Первоначально рисунок на ткани печатали вручную с деревянных досок-«манер». Их изготавливали из твердого орехового, пальмового или грушевого дерева, на поверхности вырезали соответствующий узор. Если рисунок печатался в несколько красок, для каждой краски изго­тавливалась своя «манера». В конце XVIII века была изобретена печать на ткани с металлических пластин, позволявшая получать более каче­ственный и тонкий рисунок, и посредством круглого валика. Начался период расцвета европейских набивных тканей. В 1834 году появилась первая печатная машина — перротина (по имени ее изобретателя — руанского механика Перро), за счет применения которой значительно улучшилось качество набойки. Именно в это время текстильные узоры приобрели оригинальность и особую выразительность.

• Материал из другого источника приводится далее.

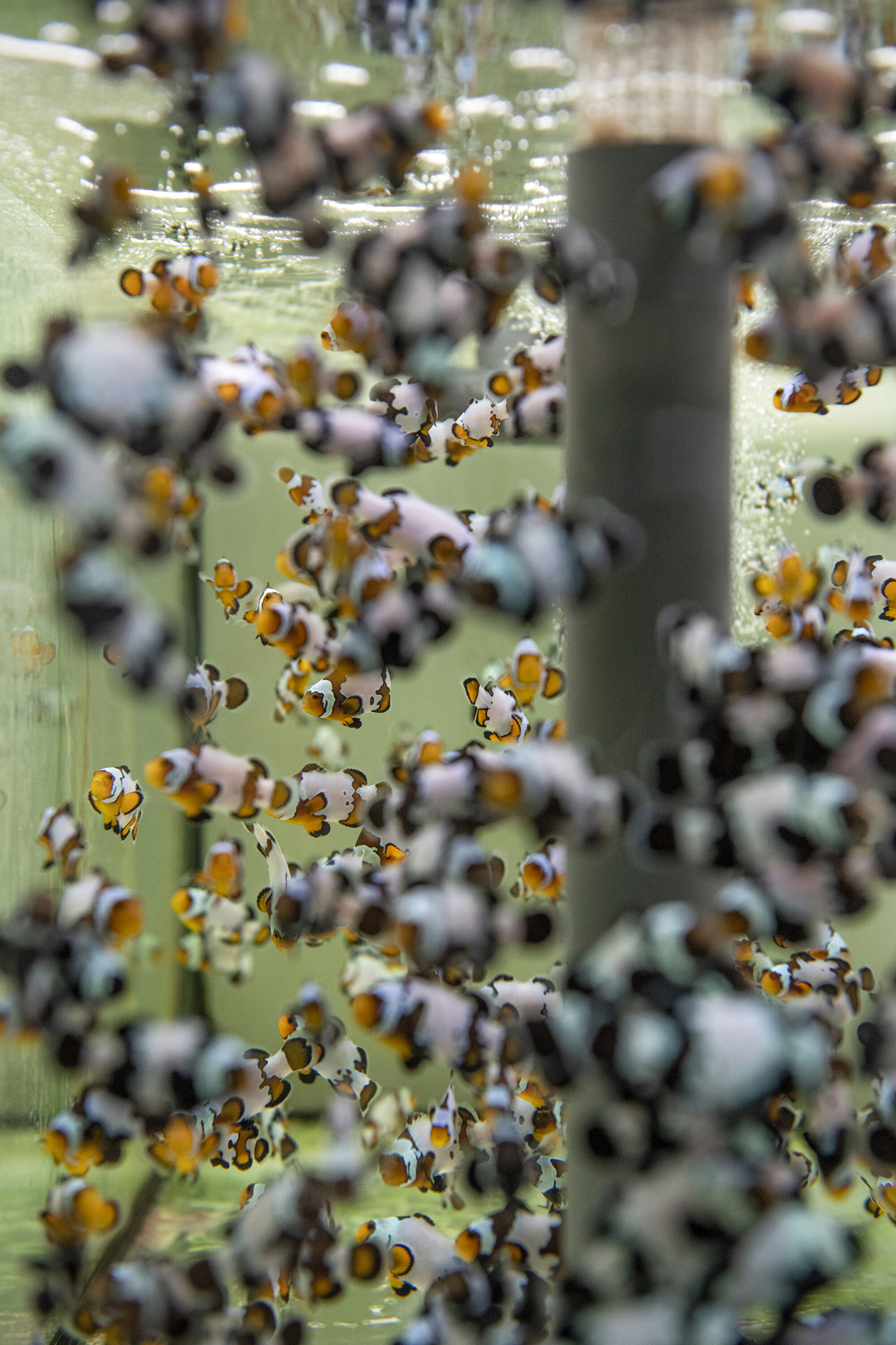 L’installation photographique qui résulte de ses recherches est composée d’images qui emmènent le public dans les coulisses de cette industrie complexe. Elle questionne le paradoxe intrinsèque de ces environnements marins reproduits en miniature et de manière sophistiquée au profit d’un plaisir esthétique. Bien qu’elle génère une source de revenus souvent importante pour les habitant·e·s des pays en développement et implique un certain savoir-faire, cette industrie autorise la manipulation d’êtres vivants et perturbe tout un écosystème. Un paradoxe dans lequel l’artiste nous immerge.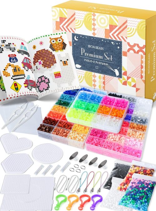 すぐに創作活動をはじめられる手軽さがメリット。白黒補充用ビーズが各500粒含まれており、よく使う色が足りなくなる心配を軽減できます。豊富な色数で多彩な表現が可能なため、アイロンビーズをはじめたい方や親子で創作したい方におすすめです。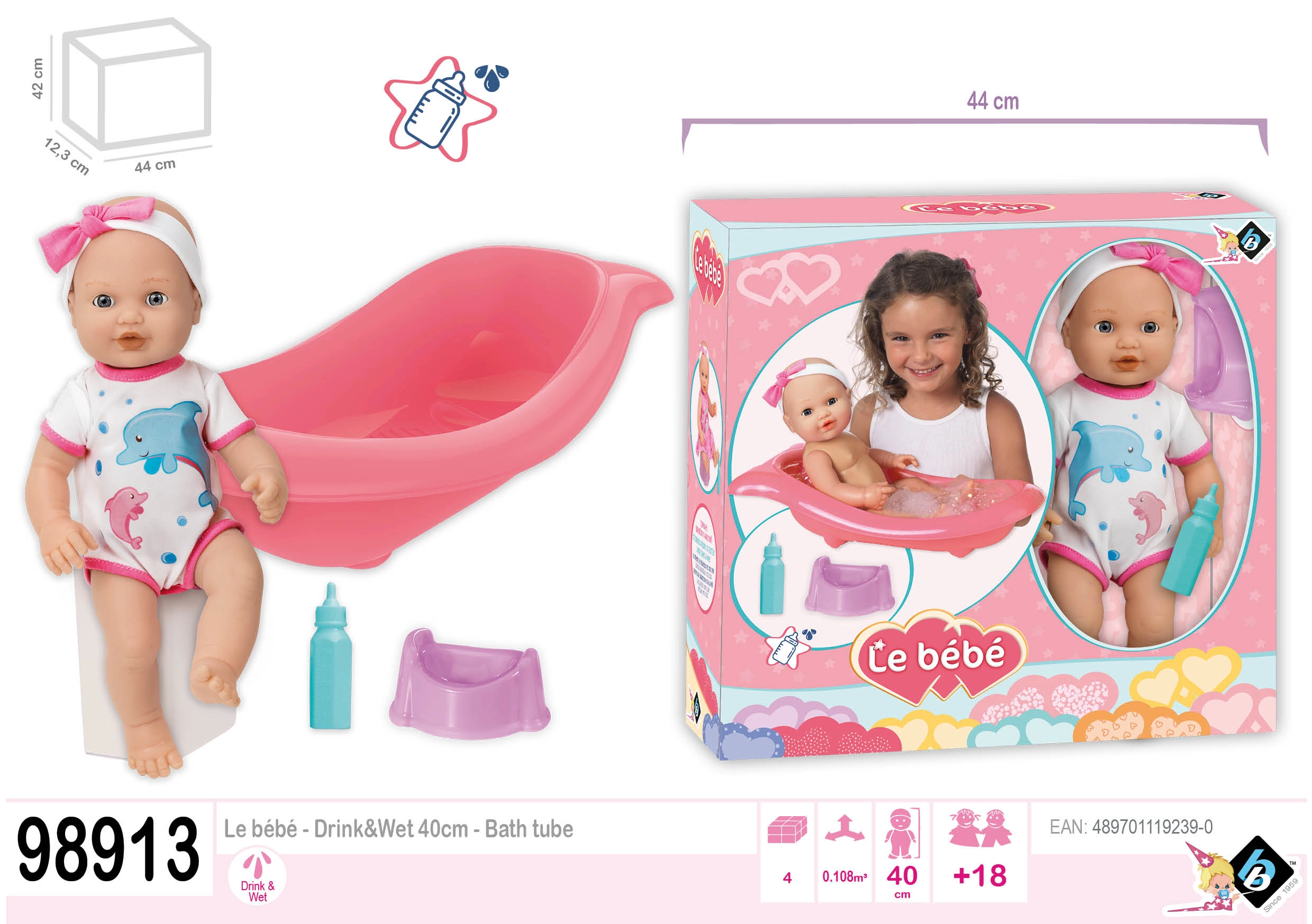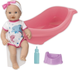 Η μικρή μπανιέρα μήκους 41 εκ. προσφέρει άπλετο χώρο για τα τελετουργικά του μπάνιου. Αφού πιει από το μπιμπερό, μπορείτε να καθίσετε την κούκλα στο γιογιό και να μιμηθεί πραγματικό κατούρημα, προσφέροντας στα παιδιά αυθεντική εμπειρία και διδάσκοντάς τα βασικές αρχές υγιεινής μέσω του παιχνιδιού.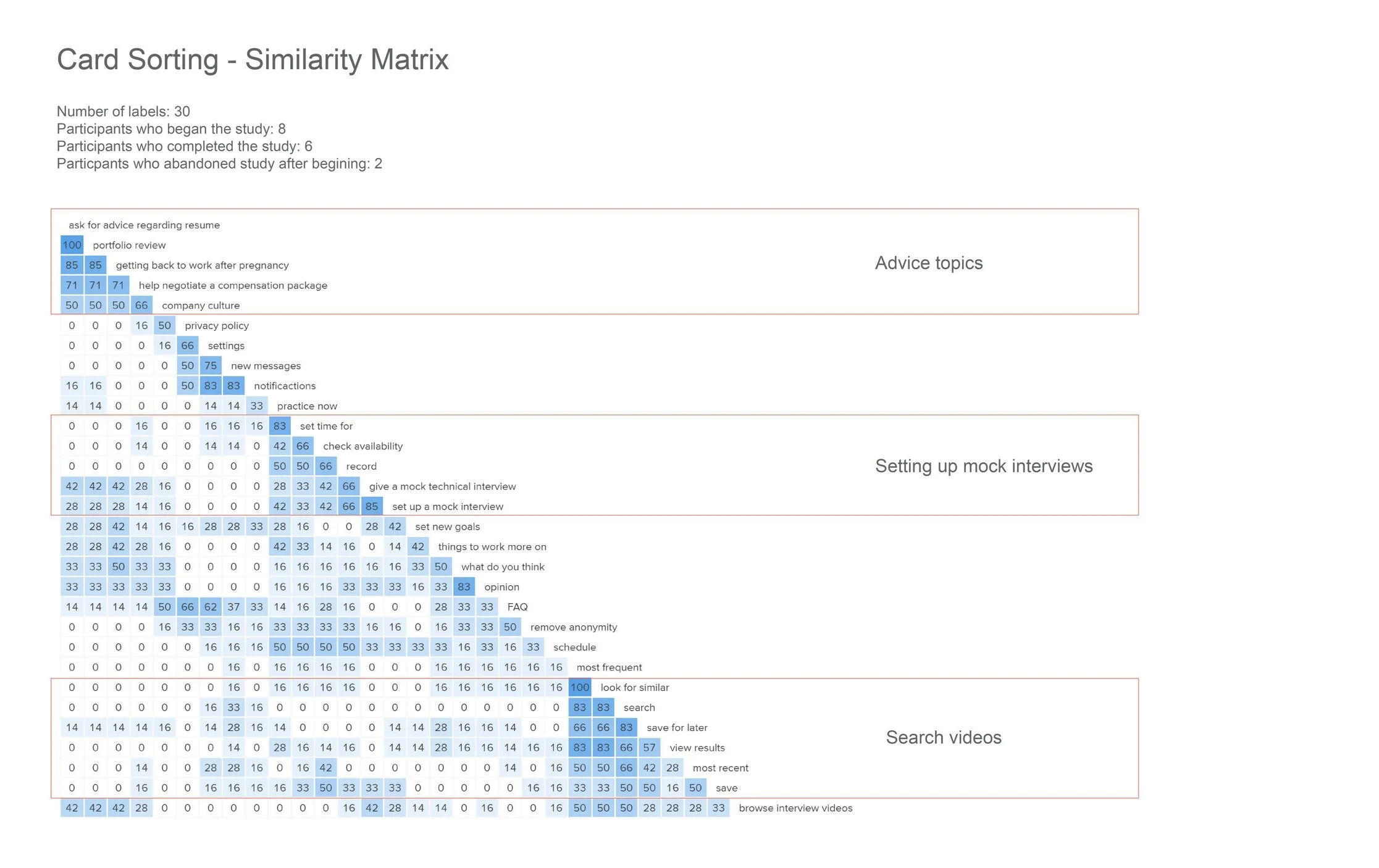 I used Optimal Sort to create an open card sorting exercise with 30 labels. Using the Similarity Matrix I got three main themes- Advice topics, Setting up mock interviews, and Search Videos.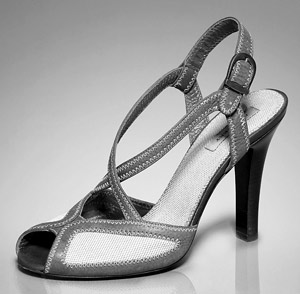 對晚宴鞋來說,今年春夏的時尚風(fēng)不知是喜是悲。悲的是,由于舞蹈鞋和楔跟鞋的沖擊,向來派對女主角的晚宴鞋,頗有冷落之意;喜的是,晚宴鞋在這個夏天開始走上街頭,與各類褲裝搭配,另打拼出一片天地。就款式而言,本季晚宴鞋沒有太多新意,無非是更加強調(diào)華麗,以金色、彩色系帶和丁字細高跟涼鞋為主,鑲有彩色水晶,充分發(fā)揮張揚之能事。不過,本季晚宴鞋最突出的款式是,腳踝處的搭襻細跟涼鞋,絕對比高跟涼拖更為搶眼。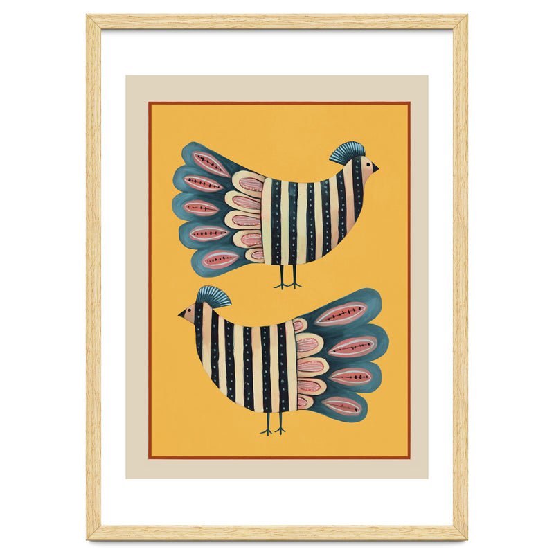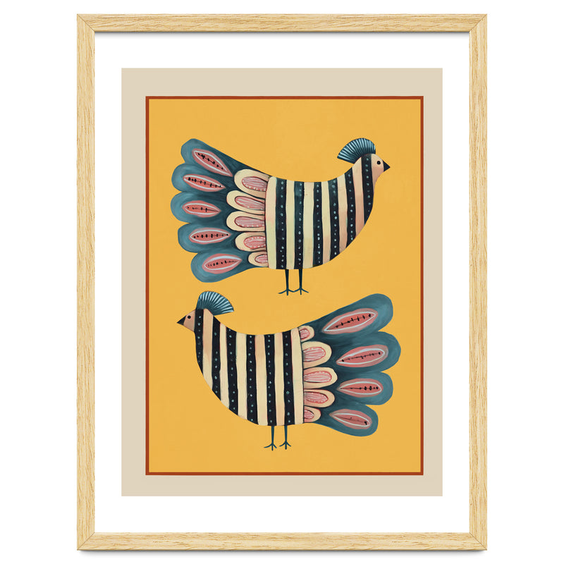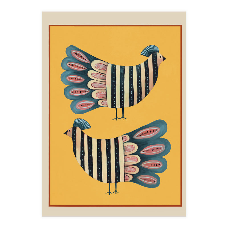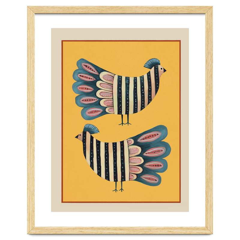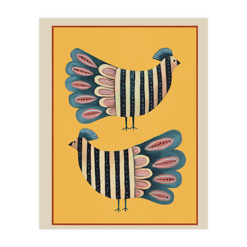 A charming modern folk-inspired composition featuring a pair of stylized striped birds set against a glowing golden backdrop. The mirrored arrangement creates a pleasing sense of symmetry, giving the artwork a balanced and decorative presence.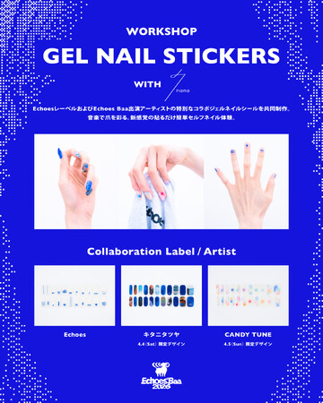 Echoesレーベルおよび、Echoes Baa出演アーティストの特別コラボジェルネイルシールで、音楽とアートを身にまとう体験を提供します。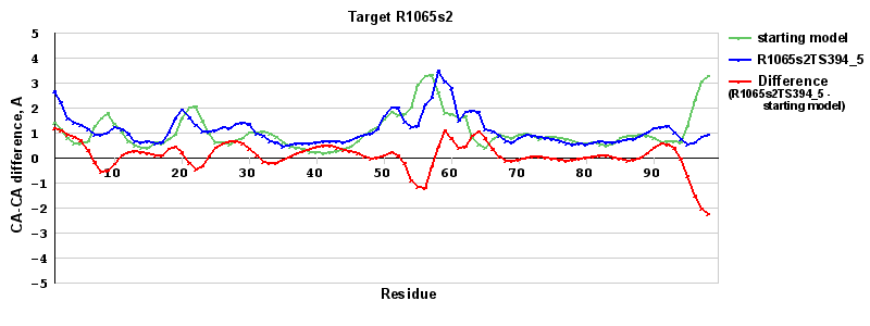 | Red line = (blue line) - (green thick line): difference between the corresponding Refined Model-Target and Starting Model-Target CA-CA distances (see above). Negative values show regions where the reifned model has better fit to the target than the starting model, i.e. areas of potential improvement. |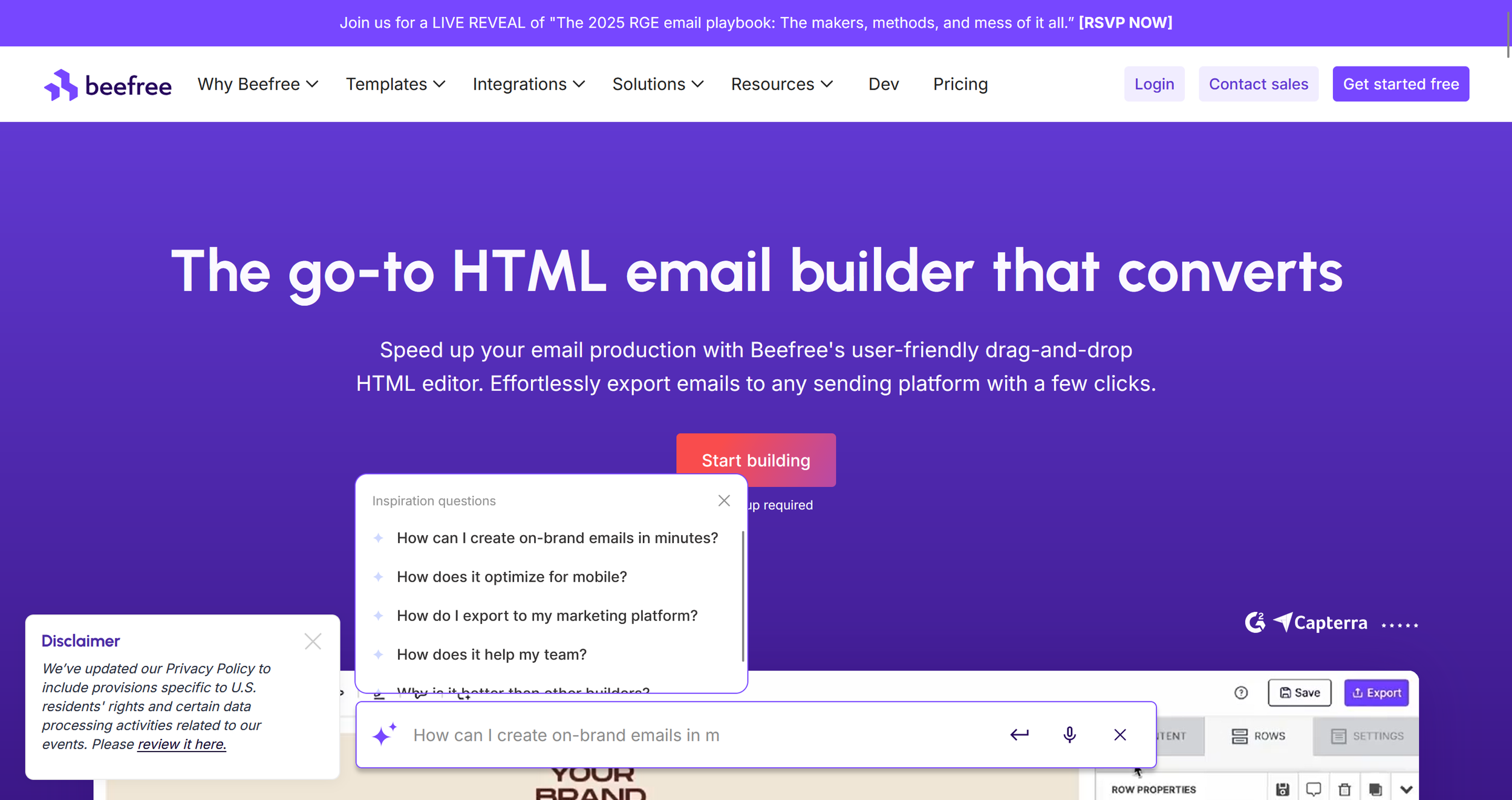 BeeFree-Landingpage (Auszug von BeeFree.io)

Одна из первых европейских ситценабивных мануфактур была осно­вана в 1670-е годы в Амстердаме, вслед за тем — в 1690 году в англий­ском Ричмонде. Британцы стремились лидировать на текстильном рынке. В этой связи английский король Яков II еще в 1689 году издал указ, запрещавший вывоз из страны неокрашенных тканей, однако набивные фабрики множились по миру с поразительной быстротой. Уже на следующий год в Аугсбурге в Германии началось производ­ство собственных набивных тканей, со временем превратившееся в ги­гантскую индустрию, использовавшую не только хлопок, но и другое сырье. К 1716 году в Британии было выпущено более тридцати зако­нов, регулировавших вывоз хлопка и калико, призванных как защи­тить местных сукноделов, так и, в меньшей степени, учесть интересы торговцев ситцем. В результате первая в Европе специализированная ситцевая фабрика была основана в 1746 году в немецком Мюльхаузене, и только в 1763 году такая фабрика появилась в Манчестере, столице английского текстиля. К середине XVIII столетия свои производства возникли во многих городах Франции.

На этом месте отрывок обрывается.